[DATASET CONTENT — start]
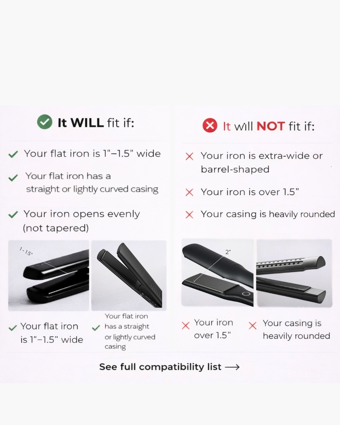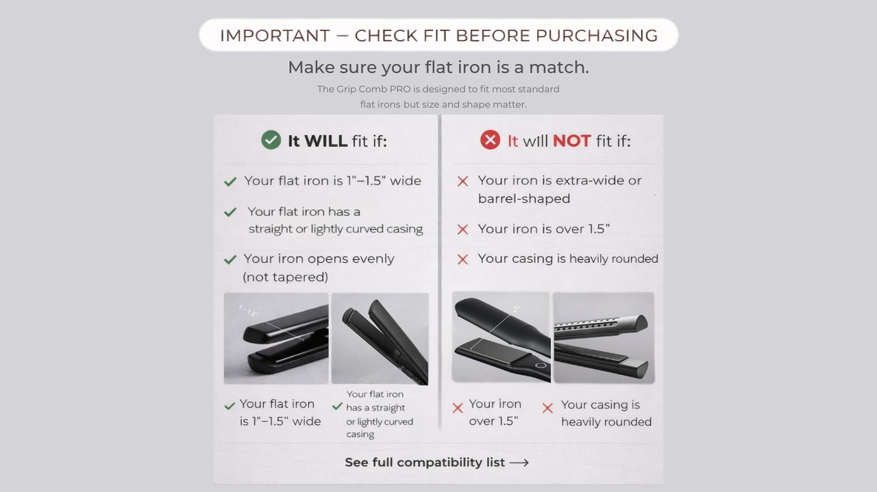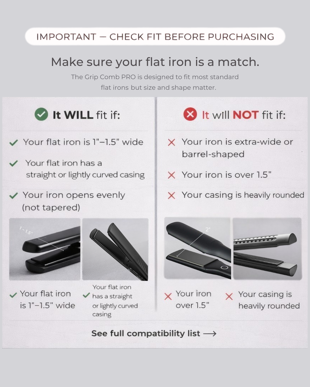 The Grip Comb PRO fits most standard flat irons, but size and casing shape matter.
[DATASET CONTENT — finish]
[DATASET CONTENT — start]
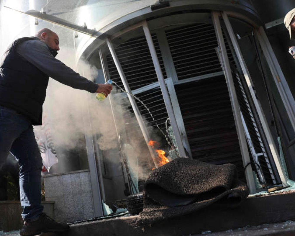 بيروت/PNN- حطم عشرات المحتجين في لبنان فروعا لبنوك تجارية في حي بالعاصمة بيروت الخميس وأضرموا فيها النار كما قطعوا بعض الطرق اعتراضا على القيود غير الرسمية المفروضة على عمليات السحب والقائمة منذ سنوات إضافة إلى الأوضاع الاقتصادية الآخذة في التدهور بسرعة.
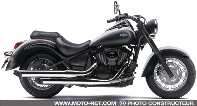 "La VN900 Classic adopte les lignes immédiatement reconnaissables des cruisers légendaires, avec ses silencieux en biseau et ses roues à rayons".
[DATASET CONTENT — finish]
**WHAT THE TASK REQUIRES**
Going by the data above, the answer is exactly the lines from the one holding "بيروت/PNN- حطم عشرات" to the one holding "VN900 Classic adopte", both kept, with the pictures left out.

**EXERCISE SOLUTION**
 بيروت/PNN- حطم عشرات المحتجين في لبنان فروعا لبنوك تجارية في حي بالعاصمة بيروت الخميس وأضرموا فيها النار كما قطعوا بعض الطرق اعتراضا على القيود غير الرسمية المفروضة على عمليات السحب والقائمة منذ سنوات إضافة إلى الأوضاع الاقتصادية الآخذة في التدهور بسرعة.
 "La VN900 Classic adopte les lignes immédiatement reconnaissables des cruisers légendaires, avec ses silencieux en biseau et ses roues à rayons".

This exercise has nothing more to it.